* **What to produce**
Only the lines from the beginning of the data through the one with "Stay beach ready" belong in the answer, each retyped exactly, with pictures left out.

* **Data extract**
--- --- ---
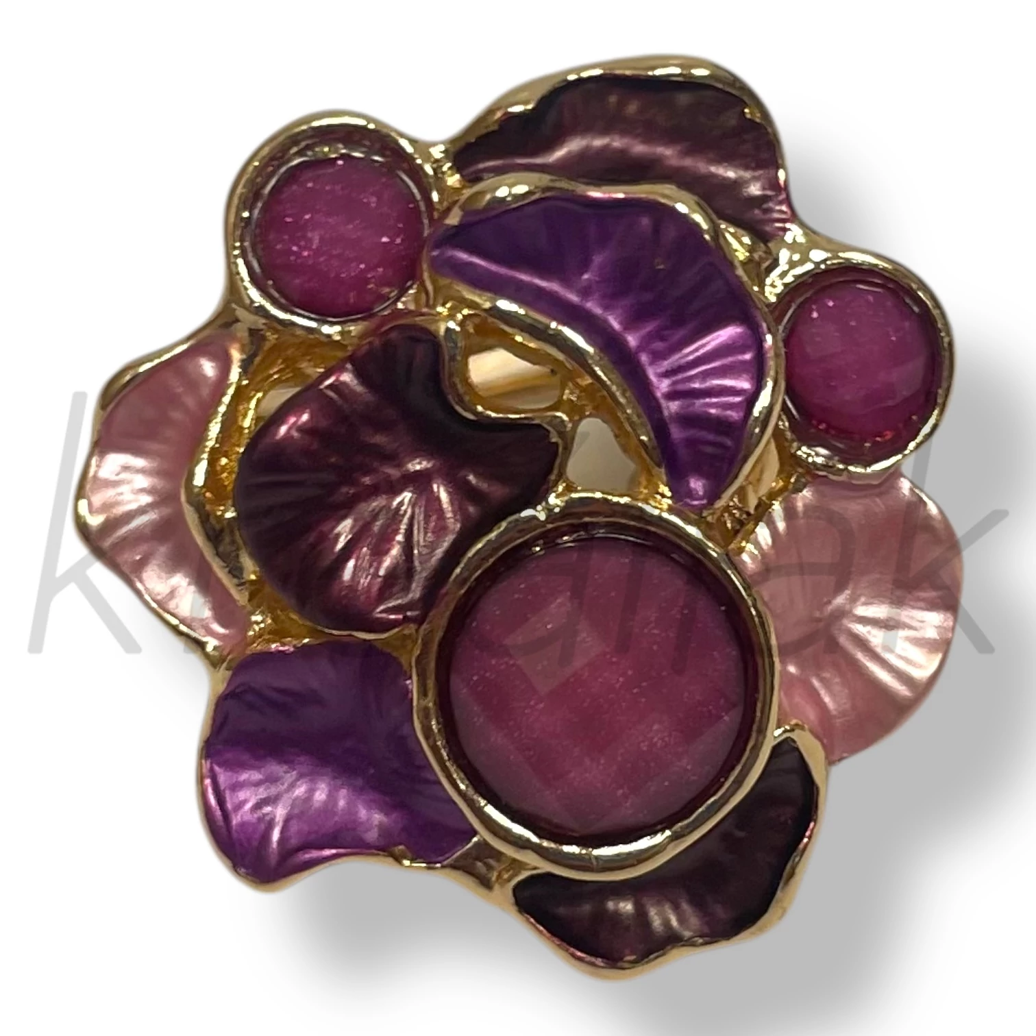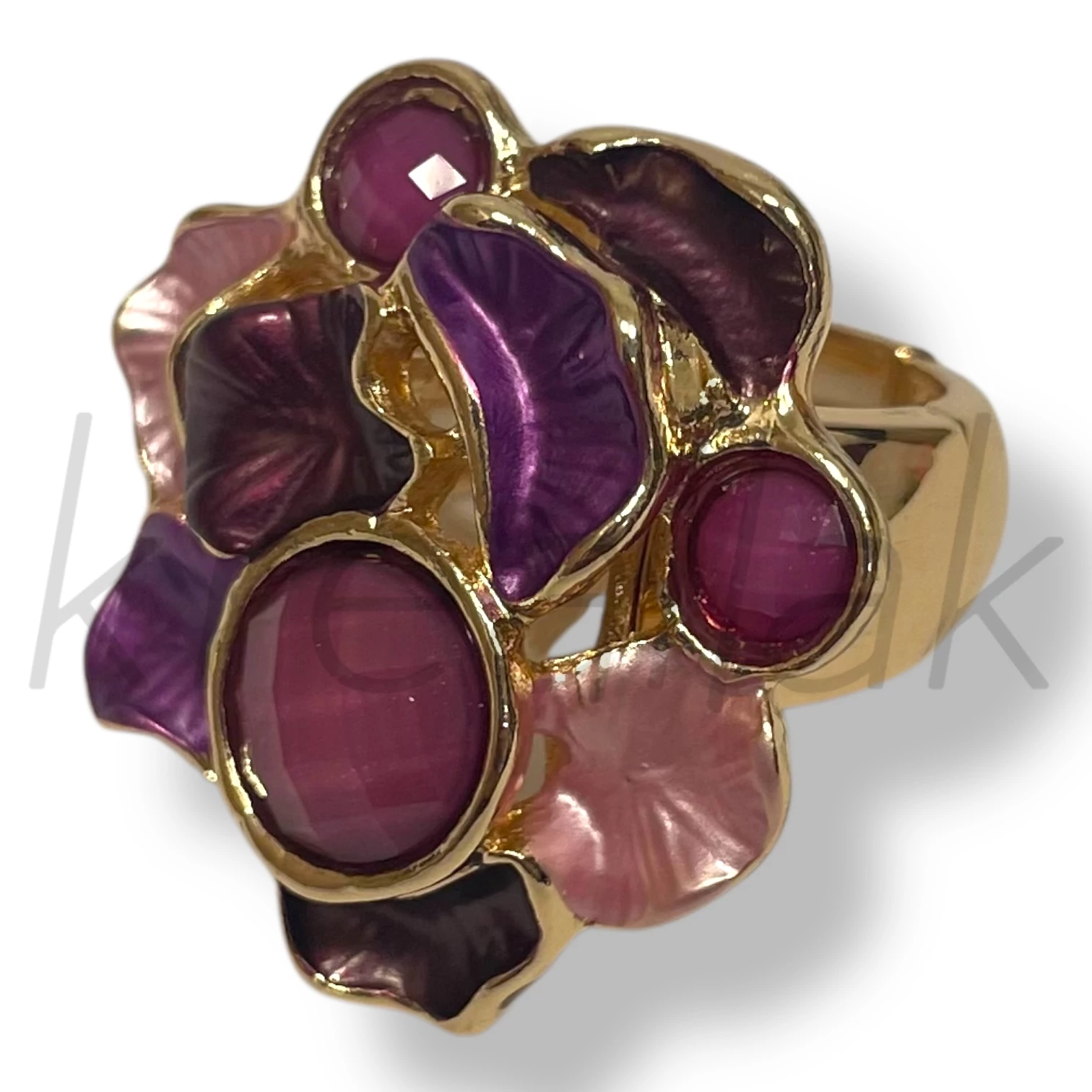 A lila virág gyűrű , arany alapon egy igazán stílusos kiegészítő minden korosztálynak.Ha valami különlegeset szeretnél , egyedit akkor ez remek választás lesz hétköznapokra és alkalomra egyaránt.
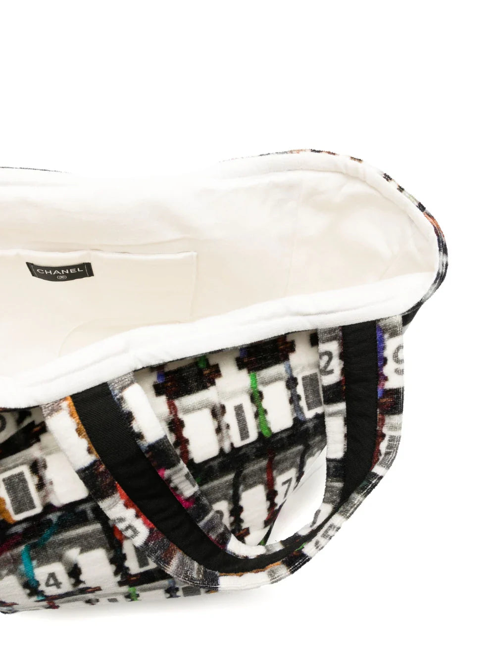 Stay beach ready with this large terry beach tote from Chanel. Boasting a fun geometric print and Chanel logo, this piece is the perfect addition to your vacation wardrobe. Made from cotton, this tote bag is easy to clean and throw in your suitcase.
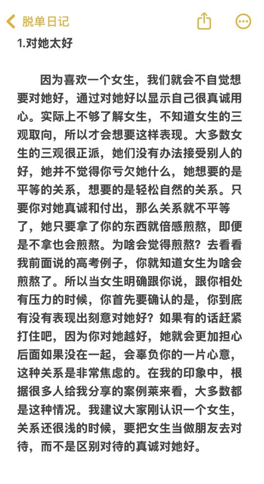 1)我明确一下,什么叫用对待朋友的态度对待女生。我们跟朋友是平等的,我们不会在朋友不舒服的时候,给他买药送药,也不会整天追着朋友聊天,更不会觉得需要表达对朋友很好,来让他对你态度好。这就是非常舒服、自然的关系。 主页🈶更多实用的知识和技巧~
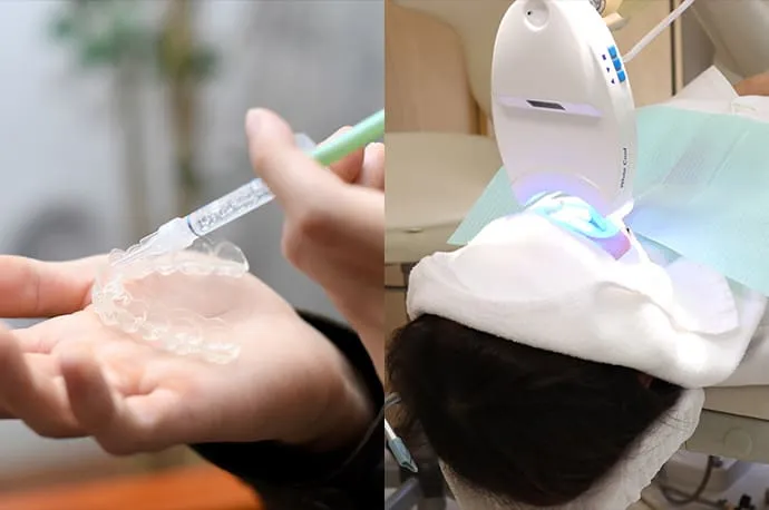 ご自宅で行うホワイトニング方法です。歯科医院で作製した専用のマウスピースと薬剤を使用し、毎日一定時間装着します。白さがゆっくりと定着し、色戻りしにくいのが特長です。自分のペースで進めたい方に適しています。
--- --- ---
* **Exercise answer**
 A lila virág gyűrű , arany alapon egy igazán stílusos kiegészítő minden korosztálynak.Ha valami különlegeset szeretnél , egyedit akkor ez remek választás lesz hétköznapokra és alkalomra egyaránt.
 Stay beach ready with this large terry beach tote from Chanel. Boasting a fun geometric print and Chanel logo, this piece is the perfect addition to your vacation wardrobe. Made from cotton, this tote bag is easy to clean and throw in your suitcase.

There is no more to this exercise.